Trottinettes, monoroues, gyropodes, hoverboards… tous les engins de déplacement personnels motorisés sont concernés

 

La Déléguée interministérielle à la Sécurité routière, Estelle Balit, a rappelé l’obligation d’assurance souvent ignorée.

 


En 2024, 59% des conducteurs d’EDPm impliqués dans un accident, n’étaient pas assurés. Face à ce constat, la Sécurité routière a décidé de lancer une campagne radio nationale.

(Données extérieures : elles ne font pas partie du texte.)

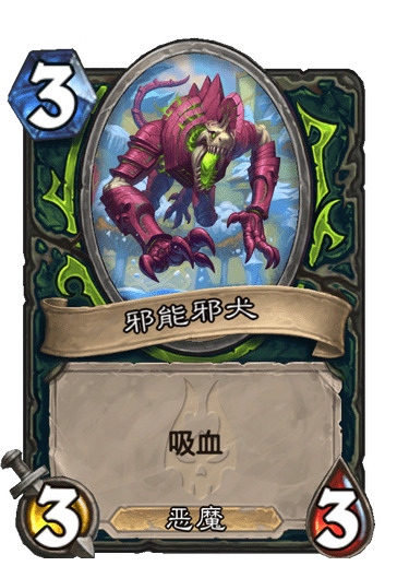 召唤两个3/3并具有吸血的邪能邪犬。如果你的牌库中没有随从牌,再召唤一个。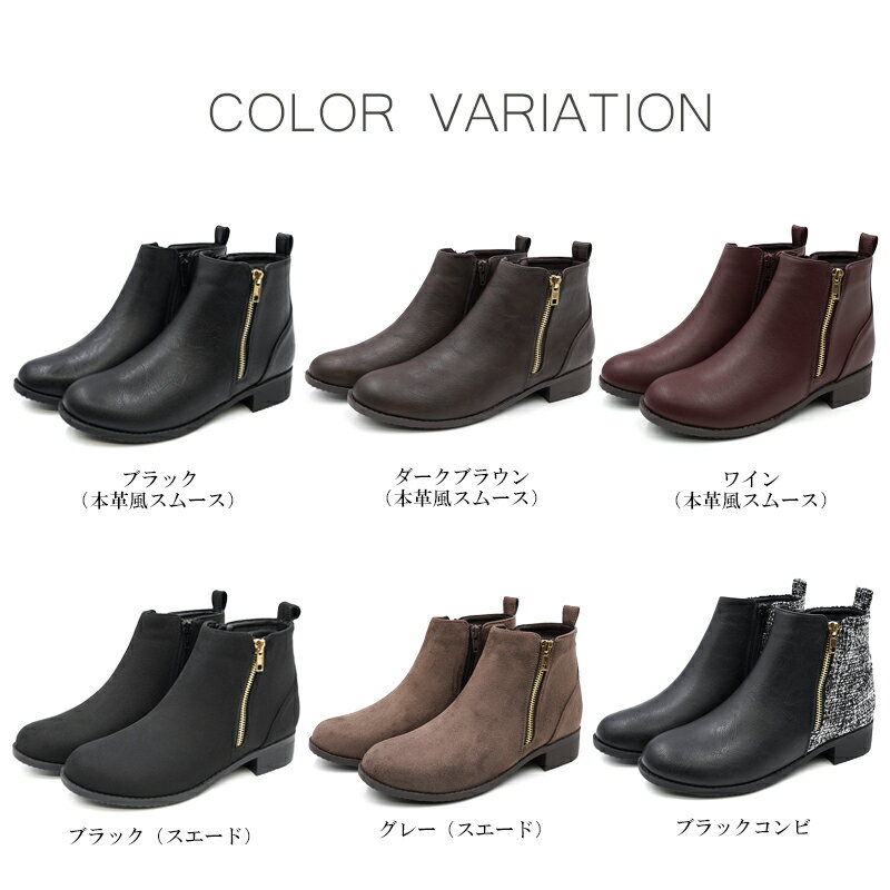 【クーポンで期間限定150円OFF】 ブーツ 3cmヒール ショートブーツ 秋冬 レディース サイドジップ ショート 防滑 防寒 甲高 幅広 スエード 全9色 黒 ベージュ S-LL 送料無料 ※沖縄除く 太ヒール 疲れない 歩きやすい ローヒール 本革風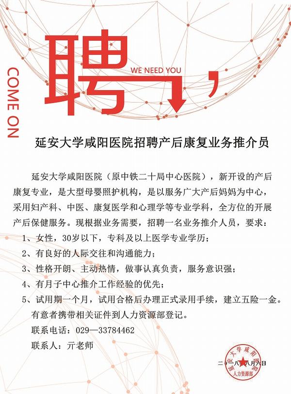 延安大学咸阳医院招聘产后康复业务推介员
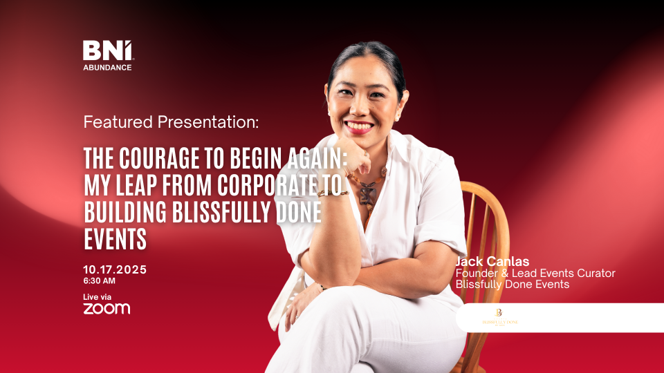 Join us this Friday at 6:30 AM as Jack Canlas, Founder and Lead Event Curator of Blissfully Done Events, shares her inspiring story in her Feature Presentation: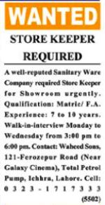 Waheed Sons invites applications for job positions advertised in daily Nawaiwaqt dated 22 January 2024 for following vacancies in Lahore, lahore Punjab Pakistan.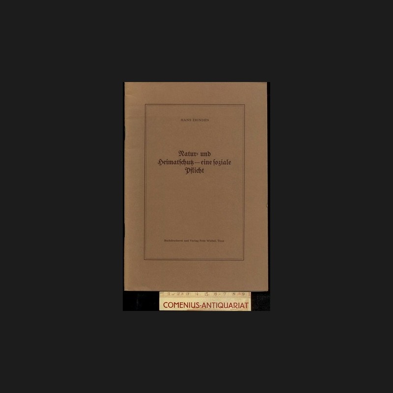Zbinden, Hans, Natur- und Heimatschutz - eine soziale Pflicht. Thun 1947.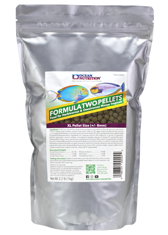 Ocean Nutrition Formula Two™ Pellets are a soft and moist slow-sinking food formulated using fresh seafood, spirulina (blue-green algae), kelp, and garlic. This blend of ingredients results in a food with an appropriate protein content for all herbivorous (plant-eating) and omnivorous (plant and meat-eating) marine tropical fish. They provide daily nutrition, support color, and promote growth. The inclusion of garlic creates an appealing flavor that even the most finicky fish cannot resist. These pellets are ideal for herbivorous fish because the soft and moist nature makes them highly palatable and easy to digest. Fish that eat Formula Two Pellets produce less waste in your aquarium. Reward your fish with the food they deserve and feed them Ocean Nutrition!
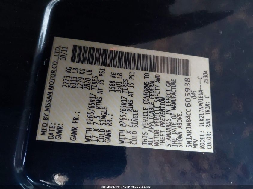2012 NISSAN PATHFINDER 2012 року Бензин, 4.0, Полный привод, vin - 5N1AR1NB4CC605938 из США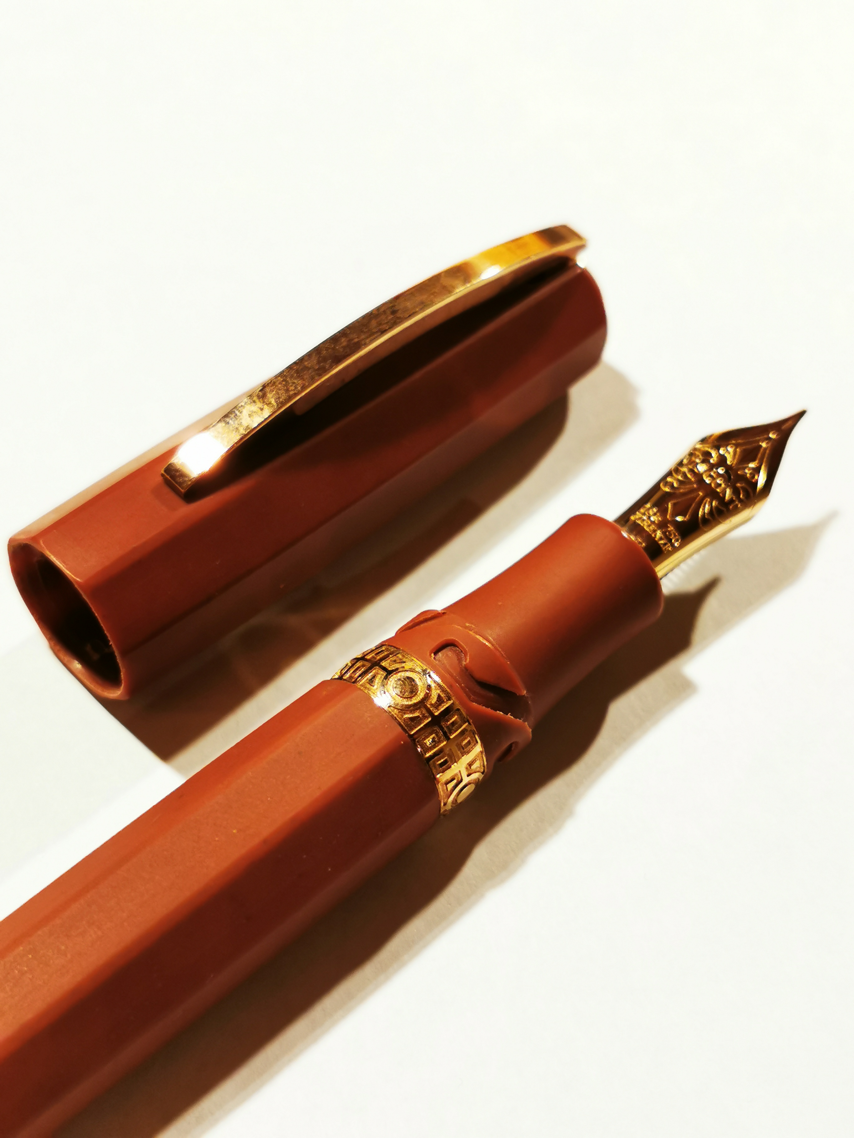 Il materiale è un composto di resina e cotto, di uno stupendo color cotto, un po' più caldo ed intenso del cotto tradizionale. Il pennino a differenza di quanto riportato nelle istruzioni, è in oro 18Kt e non in palladio 950 dreamtouch, in quanto questo pennino presentava alcuni problemi.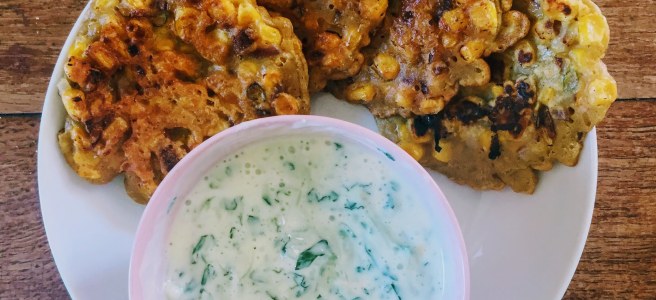Indian-spiced Sweetcorn Fritters with Raita (Vegan, Gluten-free, Grain-free)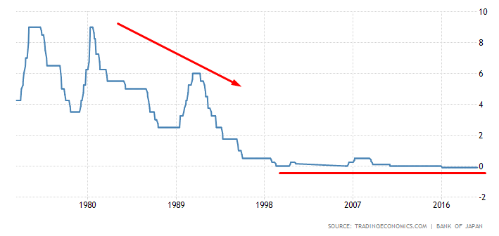 From 1993 through 1998, the interest rate on credit dropped from 6% to zero, and has been remaining such for nearly 20 years now: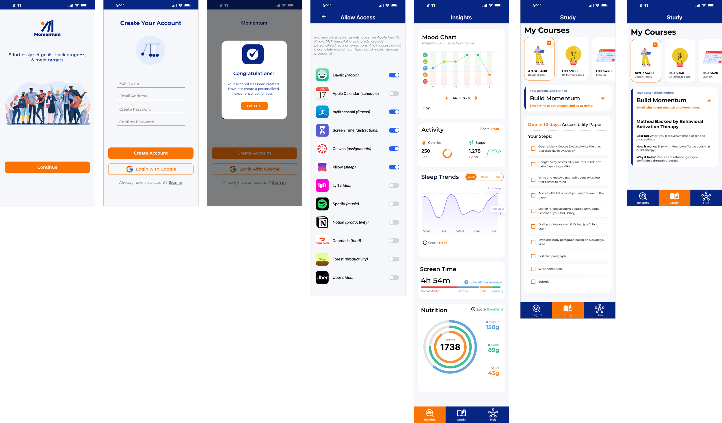 Designed a mobile app that supports student motivation and well-being through personalized insights, habit formation, and restorative study tools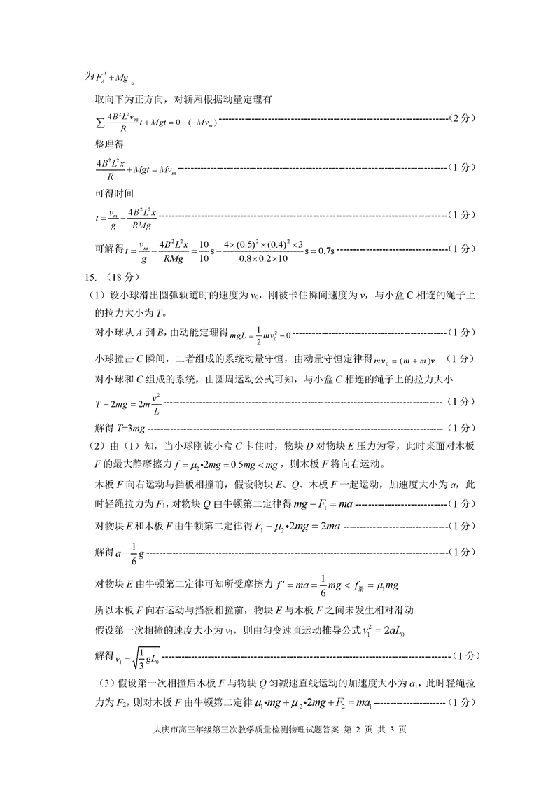 黑龙江大庆2025届高三下学期第三次模考物理试题及答案

Ces engins (trottinettes électriques, monoroues, gyropodes ou hoverboards) sont juridiquement considérés comme des véhicules terrestres à moteur. À ce titre, il revient donc au propriétaire de l’EDPm de souscrire une assurance spécifique couvrant sa responsabilité civile en cas d’accident causé à un tiers, comme pour une voiture ou une moto (cette assurance coûte 2 ou 3 euros par mois).

Attention, l’assurance responsabilité civile intégrée dans les contrats d’assurance habitation ne couvre pas les accidents causés au guidon d’un EDPm.

Circuler sans assurance constitue un délit passible d’une amende pouvant aller jusqu’à 3.750 euros en cas de poursuite devant le tribunal. Cette infraction peut également entraîner l’immobilisation ou la confiscation de l’engin. Les dommages corporels et matériels causés à autrui restent également intégralement à la charge du conducteur, voire de ses héritiers.

Diffusée jusqu’au 3 février, la campagne radio invite chaque usager d’EDPm à vérifier qu’il dispose bien d’une assurance adaptée avant de prendre la route.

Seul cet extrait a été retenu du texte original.